The Kreutzer was a shocker when it was published. Here's an except from an 1805 review when it was brand new, probably written from the sheet music.

"I find it impossible to characterize the inner essence of this sonata in words. He who can satisfactorily do so is _mihi magnus Apollo_. With the respect owing to this composer and to this work, I tried to clarify my train of thought in an outline and wrote almost a whole sheet about just the first Presto. However, I will not plague the readers of the AMZ with it. I shall confine myself to a general announcement and statement: When two virtuosos for whom nothing is difficult enough; who have sufficient intelligence and skills; and who in spite of the spirit that this work is imbued with and in spite of the most peculiar eccentricities contained therein are not perturbed by any of it-when two such virtuosos find each other and study the work (for they would have to do that); when they wait for the hour in which they can enjoy the most grotesque (provided that it has been produced with intelligence); and when they play it in this hour-then they will gain full pleasure from it."


----------



## chesapeake bay

This is an excellent rendition https://www.amazon.com/Kreutzer-Sonata-Beethoven-Violin-Sonatas/dp/B003UM01C2/ref=sr_1_7?ie=UTF8&qid=1504039600&sr=8-7&keywords=victoria+mullova+beethoven played on period instruments, which isn't something I look for with Beethoven but Mullova and Bezuidenhout really do the piece justice with them I think.


----------



## Triplets

KenOC said:


> Patricia Kopatchinskaja & Fazıl Say play like their whole heads are on fire! This extraordinary live performance was posted by Fazil Say. They also have an excellent CD of this.

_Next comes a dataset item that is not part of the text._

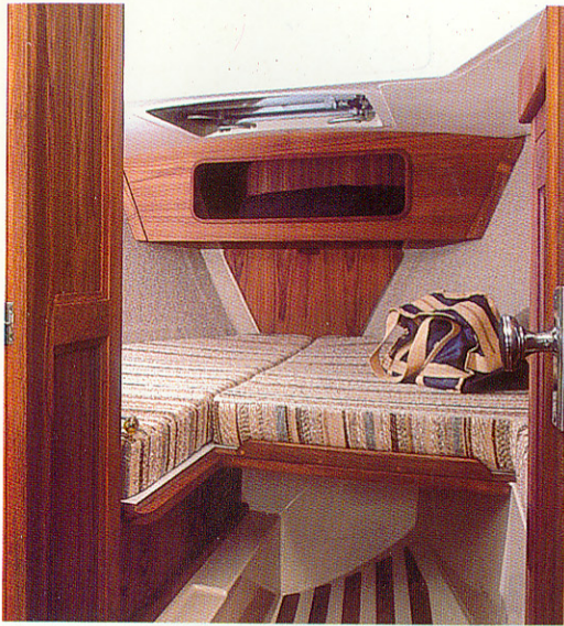
Large cabin forward with translucent hatch, hanging locker, storage alcove forward.

Very impressive. The violinist misses a few notes in the beginning; presumably the CD is a bit more controlled?


----------



## Dan Ante

Menuhin & Kempff is my favourite coupled with the "Spring" son.


----------



## hpowders

Jascha Heifetz with Brooks Smith at the piano.


----------



## KenOC

Triplets said:


> Very impressive. The violinist misses a few notes in the beginning; presumably the CD is a bit more controlled?


The CD is definitely not controlled. I believe you said you wanted to take no prisoners! :lol:


----------



## Triplets

hpowders said:


> Jascha Heifetz with Brooks Smith at the piano.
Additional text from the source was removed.